* [Exercise directions]:
Could you set down only the lines from the one including "Several hundred people" to the end of the records below, inclusive and exact, leaving pictures out?

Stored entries
══════

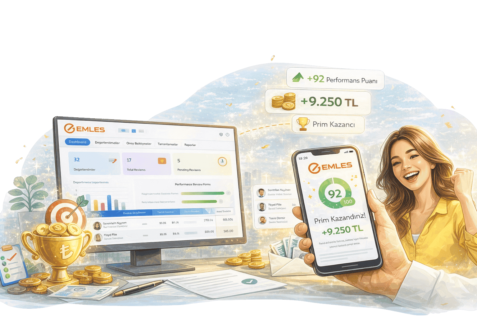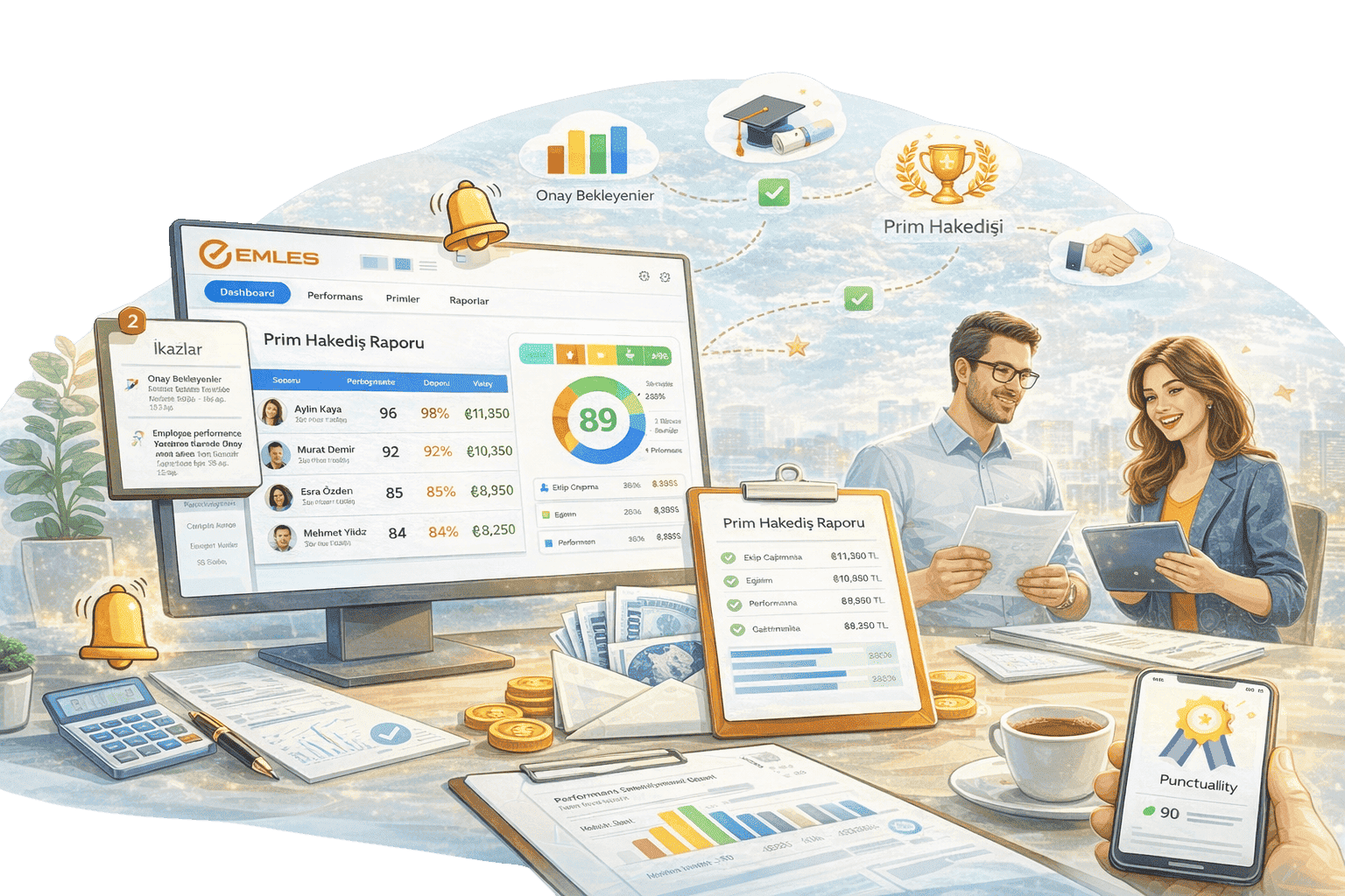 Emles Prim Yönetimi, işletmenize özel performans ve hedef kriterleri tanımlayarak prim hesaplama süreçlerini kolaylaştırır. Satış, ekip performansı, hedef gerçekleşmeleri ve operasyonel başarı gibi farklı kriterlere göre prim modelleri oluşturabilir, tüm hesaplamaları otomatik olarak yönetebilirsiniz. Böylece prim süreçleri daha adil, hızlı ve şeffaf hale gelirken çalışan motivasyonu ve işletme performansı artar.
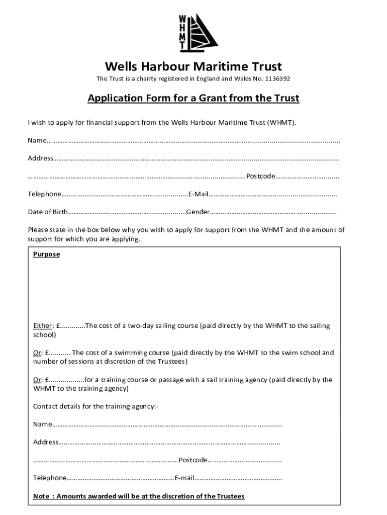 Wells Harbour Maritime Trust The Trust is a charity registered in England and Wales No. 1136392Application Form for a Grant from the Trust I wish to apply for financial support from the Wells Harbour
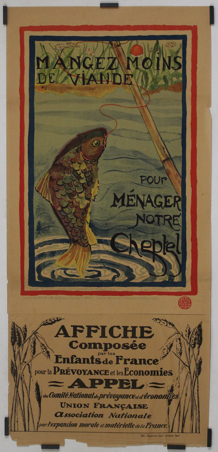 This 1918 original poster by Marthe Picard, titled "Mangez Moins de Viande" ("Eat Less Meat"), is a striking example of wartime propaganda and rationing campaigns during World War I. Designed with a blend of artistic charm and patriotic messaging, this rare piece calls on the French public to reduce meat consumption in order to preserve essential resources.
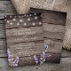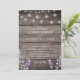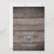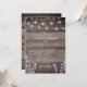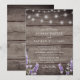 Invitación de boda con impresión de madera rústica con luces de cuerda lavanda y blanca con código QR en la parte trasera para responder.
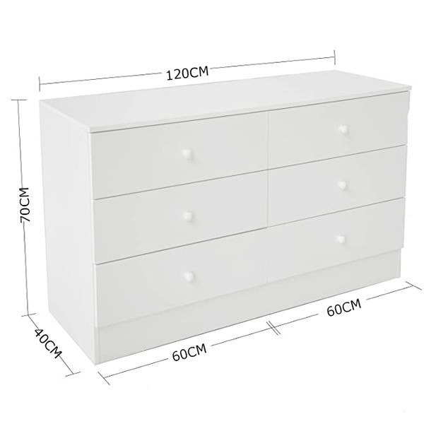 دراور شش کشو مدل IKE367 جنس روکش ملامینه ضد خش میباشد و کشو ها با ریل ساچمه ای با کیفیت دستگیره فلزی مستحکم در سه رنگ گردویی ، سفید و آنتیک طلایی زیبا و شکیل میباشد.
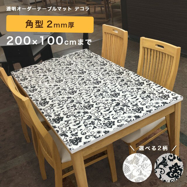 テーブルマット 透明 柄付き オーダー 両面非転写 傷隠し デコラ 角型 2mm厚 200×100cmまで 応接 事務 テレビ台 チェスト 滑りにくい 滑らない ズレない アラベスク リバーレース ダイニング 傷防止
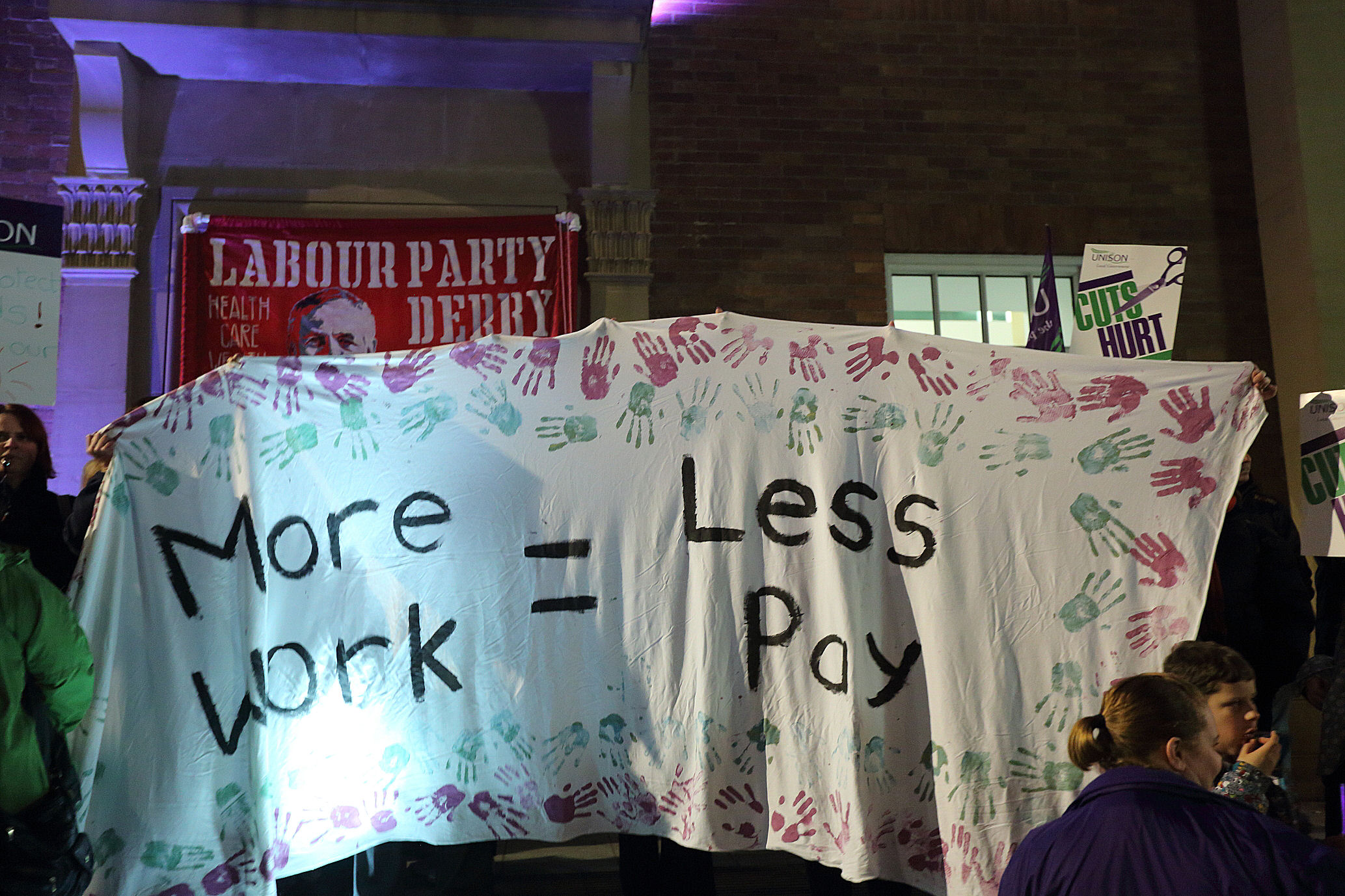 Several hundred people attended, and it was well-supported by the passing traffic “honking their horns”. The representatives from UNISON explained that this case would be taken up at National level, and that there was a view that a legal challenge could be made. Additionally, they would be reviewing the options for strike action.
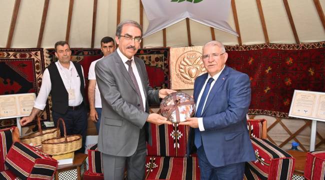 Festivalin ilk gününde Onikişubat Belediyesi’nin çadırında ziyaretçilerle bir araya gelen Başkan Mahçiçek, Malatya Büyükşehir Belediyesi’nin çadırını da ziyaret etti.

══════

* [Written answer]:
 Several hundred people attended, and it was well-supported by the passing traffic “honking their horns”. The representatives from UNISON explained that this case would be taken up at National level, and that there was a view that a legal challenge could be made. Additionally, they would be reviewing the options for strike action.
 Festivalin ilk gününde Onikişubat Belediyesi’nin çadırında ziyaretçilerle bir araya gelen Başkan Mahçiçek, Malatya Büyükşehir Belediyesi’nin çadırını da ziyaret etti.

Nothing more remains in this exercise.